-------- SOURCE MATERIAL --------

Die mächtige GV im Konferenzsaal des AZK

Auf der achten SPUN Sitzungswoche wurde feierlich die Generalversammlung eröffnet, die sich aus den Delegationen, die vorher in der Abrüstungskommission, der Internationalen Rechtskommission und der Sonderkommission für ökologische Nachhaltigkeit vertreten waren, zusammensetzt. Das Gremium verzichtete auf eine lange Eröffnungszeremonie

--------
-------- SOURCE MATERIAL --------

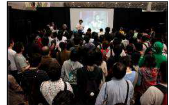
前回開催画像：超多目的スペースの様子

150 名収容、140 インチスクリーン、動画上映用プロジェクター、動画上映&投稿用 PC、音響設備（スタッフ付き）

--------
-------- SOURCE MATERIAL --------

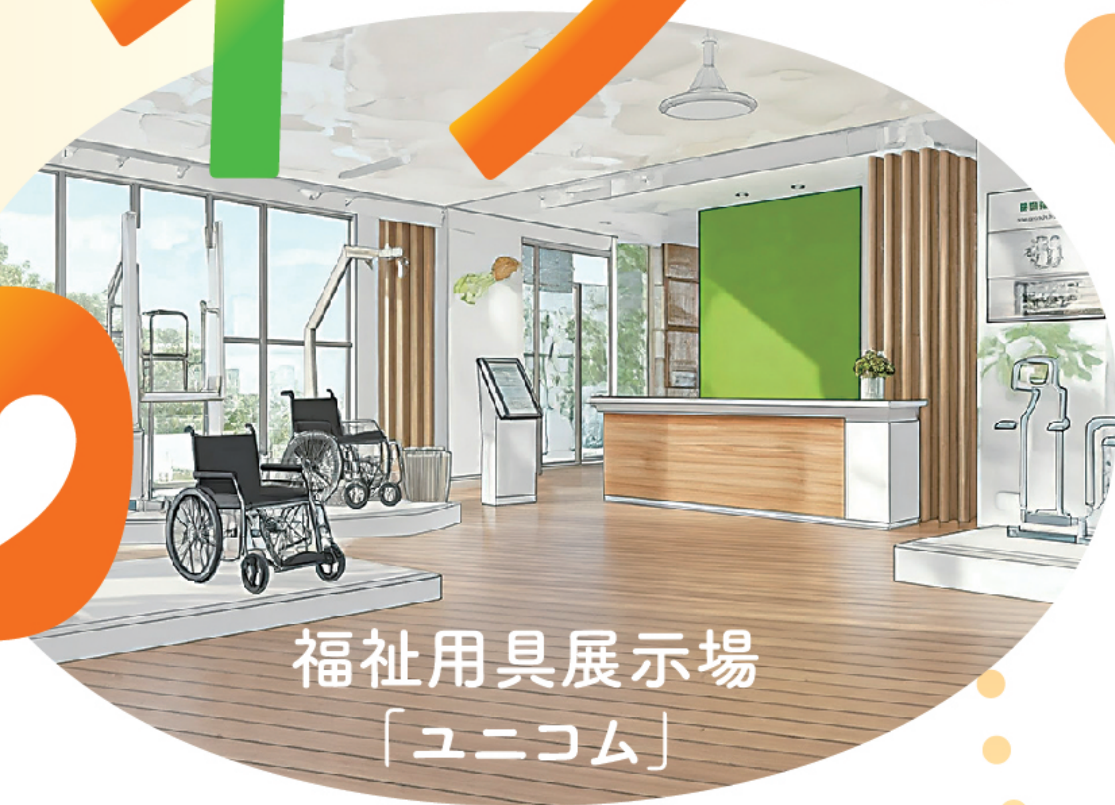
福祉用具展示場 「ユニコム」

--------

__THE TASK__: Take the listing above and repeat exactly the lines from the one containing "Die mächtige GV im Konferenzsaal des AZK" through the one containing "Auf der achten", both included.

__SOLUTION BELOW__:
Die mächtige GV im Konferenzsaal des AZK

Auf der achten SPUN Sitzungswoche wurde feierlich die Generalversammlung eröffnet, die sich aus den Delegationen, die vorher in der Abrüstungskommission, der Internationalen Rechtskommission und der Sonderkommission für ökologische Nachhaltigkeit vertreten waren, zusammensetzt. Das Gremium verzichtete auf eine lange Eröffnungszeremonie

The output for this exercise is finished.